* EXERCISE GOAL
No pictures belong in the copy. Retype exactly, and only, the stretch of lines below from the one with "近日,2024年全国大学生创" through the one with "There's a lot".

━━ EXTRACTED ENTRIES

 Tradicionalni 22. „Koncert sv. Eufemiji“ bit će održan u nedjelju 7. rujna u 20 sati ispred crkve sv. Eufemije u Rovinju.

━━━━
━━ EXTRACTED ENTRIES

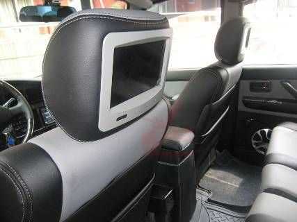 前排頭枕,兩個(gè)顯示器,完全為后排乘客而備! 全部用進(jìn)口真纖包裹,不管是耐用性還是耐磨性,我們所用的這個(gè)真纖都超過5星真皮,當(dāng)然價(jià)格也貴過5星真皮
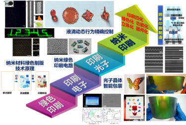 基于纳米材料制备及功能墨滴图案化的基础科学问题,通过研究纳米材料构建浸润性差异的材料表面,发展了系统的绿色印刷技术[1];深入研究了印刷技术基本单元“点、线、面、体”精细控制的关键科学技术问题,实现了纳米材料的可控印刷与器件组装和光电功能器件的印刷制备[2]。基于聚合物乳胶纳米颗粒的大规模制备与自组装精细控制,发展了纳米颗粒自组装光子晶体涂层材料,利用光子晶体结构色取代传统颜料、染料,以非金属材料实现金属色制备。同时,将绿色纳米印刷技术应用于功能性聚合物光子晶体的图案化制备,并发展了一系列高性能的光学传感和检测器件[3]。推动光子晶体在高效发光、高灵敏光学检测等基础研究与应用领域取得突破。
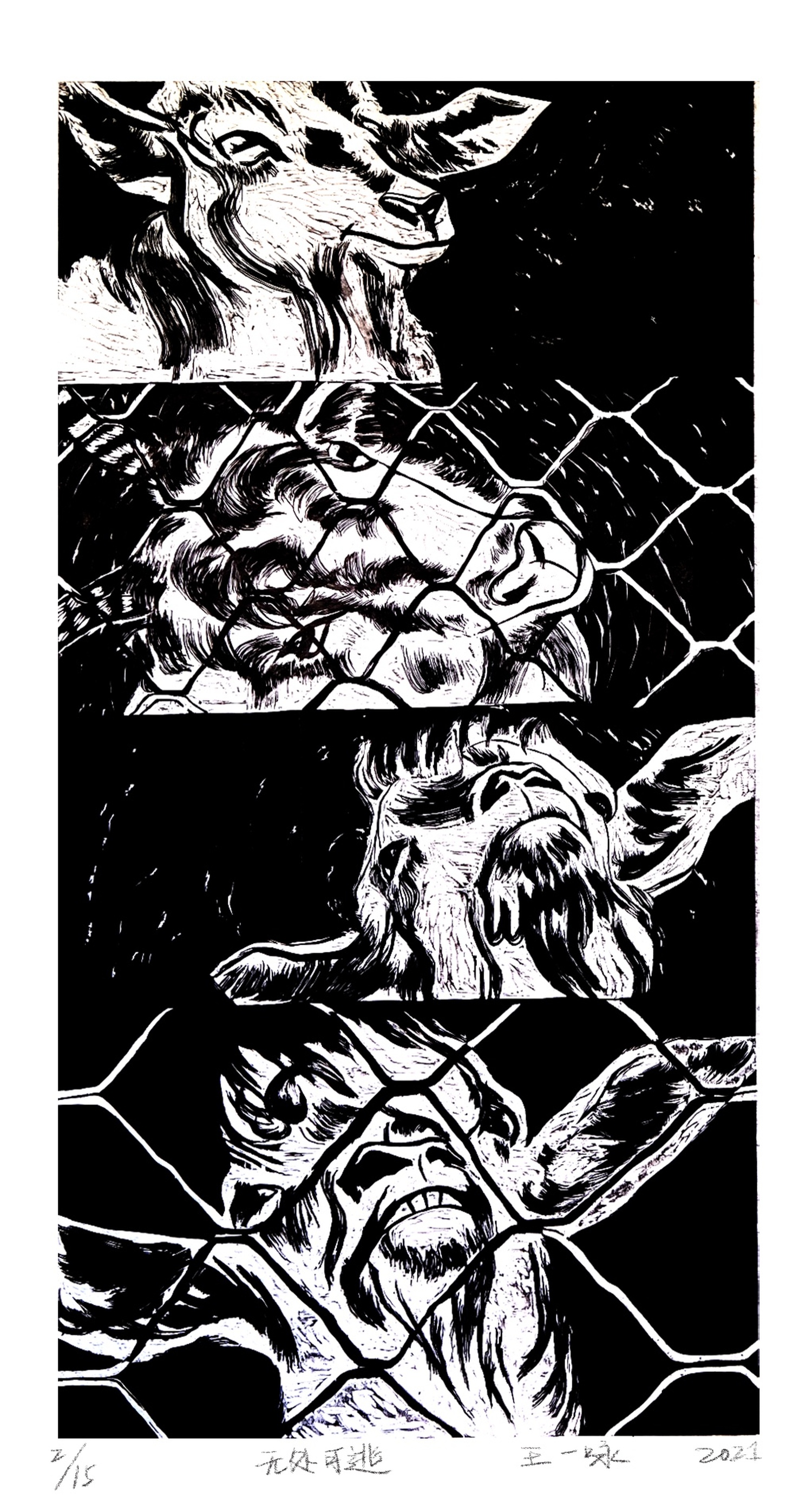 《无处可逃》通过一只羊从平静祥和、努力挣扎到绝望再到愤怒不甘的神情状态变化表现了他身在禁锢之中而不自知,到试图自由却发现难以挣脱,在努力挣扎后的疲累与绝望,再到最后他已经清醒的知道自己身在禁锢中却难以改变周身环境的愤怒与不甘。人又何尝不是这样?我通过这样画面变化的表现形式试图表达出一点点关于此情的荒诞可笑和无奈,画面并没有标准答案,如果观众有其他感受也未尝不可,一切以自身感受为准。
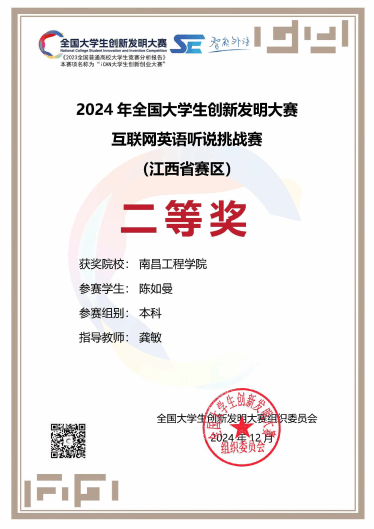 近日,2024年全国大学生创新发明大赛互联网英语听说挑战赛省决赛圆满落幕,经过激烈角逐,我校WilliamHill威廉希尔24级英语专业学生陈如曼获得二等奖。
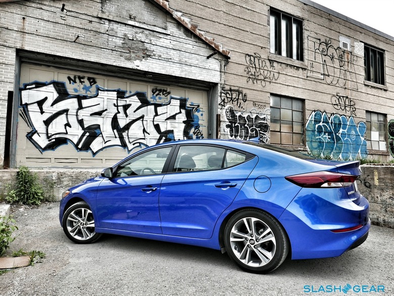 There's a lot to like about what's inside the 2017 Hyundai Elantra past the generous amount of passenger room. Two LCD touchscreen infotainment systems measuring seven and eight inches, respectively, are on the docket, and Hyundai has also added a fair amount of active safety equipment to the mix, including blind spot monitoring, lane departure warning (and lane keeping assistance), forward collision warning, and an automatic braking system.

━━━━
━━ EXTRACTED ENTRIES

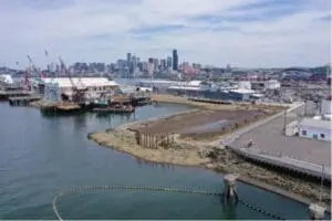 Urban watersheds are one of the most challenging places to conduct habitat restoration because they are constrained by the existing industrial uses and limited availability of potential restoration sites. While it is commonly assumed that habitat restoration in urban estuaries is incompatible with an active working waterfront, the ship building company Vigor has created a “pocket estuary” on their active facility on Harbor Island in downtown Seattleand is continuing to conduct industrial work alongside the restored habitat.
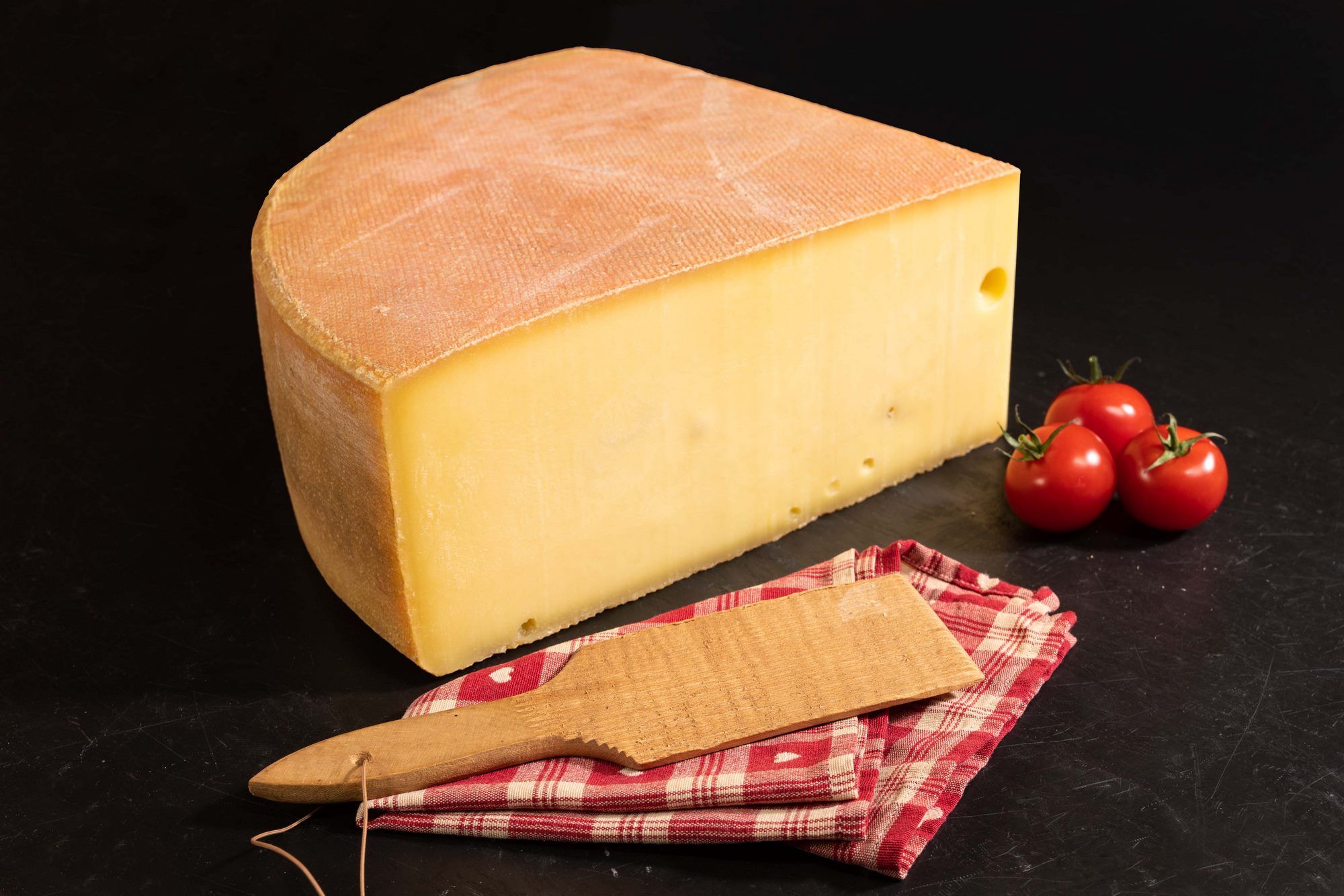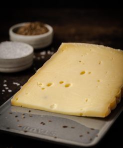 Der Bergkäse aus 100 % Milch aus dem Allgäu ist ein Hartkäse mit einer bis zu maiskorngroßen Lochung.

━━━━

* WRITTEN RESPONSE
 近日,2024年全国大学生创新发明大赛互联网英语听说挑战赛省决赛圆满落幕,经过激烈角逐,我校WilliamHill威廉希尔24级英语专业学生陈如曼获得二等奖。
 There's a lot to like about what's inside the 2017 Hyundai Elantra past the generous amount of passenger room. Two LCD touchscreen infotainment systems measuring seven and eight inches, respectively, are on the docket, and Hyundai has also added a fair amount of active safety equipment to the mix, including blind spot monitoring, lane departure warning (and lane keeping assistance), forward collision warning, and an automatic braking system.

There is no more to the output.